Related CE Articles:

The Top 6 Reasons Why Parents Are Choosing Not To Vaccinate Their Children.

Neuroscientist Makes It Clear Why Aluminum Should Not Be Put Into Vaccines

MIT Scientist Shows What Can Happen To Children Who Receive Aluminum Containing Vaccines

Dr. Suzanne Humphries Has A Lot To Say About Aluminum In Vaccines

Mercury

Robert F. Kennedy Jr., Chairman of the World Mercury Project (WMP), announced a $100,000 challenge today aimed at putting an end to including mercury, a neurotoxin that is 100 times more poisonous than lead, in vaccines administered in the U.S and globally.

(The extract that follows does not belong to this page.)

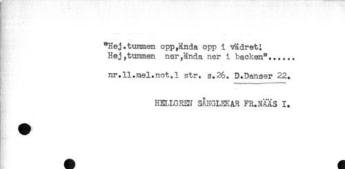 //// "Hej.tummen opp,ända opp i vädret //// Hej,tummen ner,ända ner i backen"...... //// . //// t //// nr.ll.mel.not.l str. s.26. D.Danser 22. //// 8 //// t //// HEI,LGRH'J SÅNGLEKAR FR.NAÄS 1. ////

It’s offered to anybody, including journalists and scientists, who can provide a study showing that it is safe to inject mercury into babies. This will be difficult, as hundreds of studies (that were also present at the press conference in print form) suggest that it isn’t safe at all, and can significantly increase the risk of developing neurodegenerative disorders.

Robert De Niro and numerous other people support the World Mercury Project, many of which made a historical appearance at the National Press Club today bringing attention to an issue that more people are becoming aware of every single year. For nearly 100 years, appropriate safety assessments (toxicity studies) have not been conducted for the administration of vaccines containing mercury as an adjuvant, yet we continue to give them to the general public. Government health authorities have been putting mercury (and aluminum) in vaccines based solely on the assumption that it is safe to do so.

You can view the full press conference on the World Mercury Project Facebook Page.

Since vaccines have been perceived as non-toxic substances for decades, the Food and Drug Administration (FDA) has not attempted to prove the safety of this particular vaccine ingredient. Considering billions of dollars have been paid to families of children injured by vaccinations, it’s fair to say that this is an alarming state of affairs, so it’s about time that this press conference was held. (source)

Here is a quote from Dr. Jose G. Dores, a professor at the University of Brasilia’s Department of Nutritional Sciences who recently published a study in the International Journal of Environmental Research and Public Health. In the study, he offers the following observation: “Despite their long use as active agents of medicines and fungicides, the safety levels of these substances have never been determined, either for animals or for adult humans—much less for fetuses, newborns, infants, and children.”  (source)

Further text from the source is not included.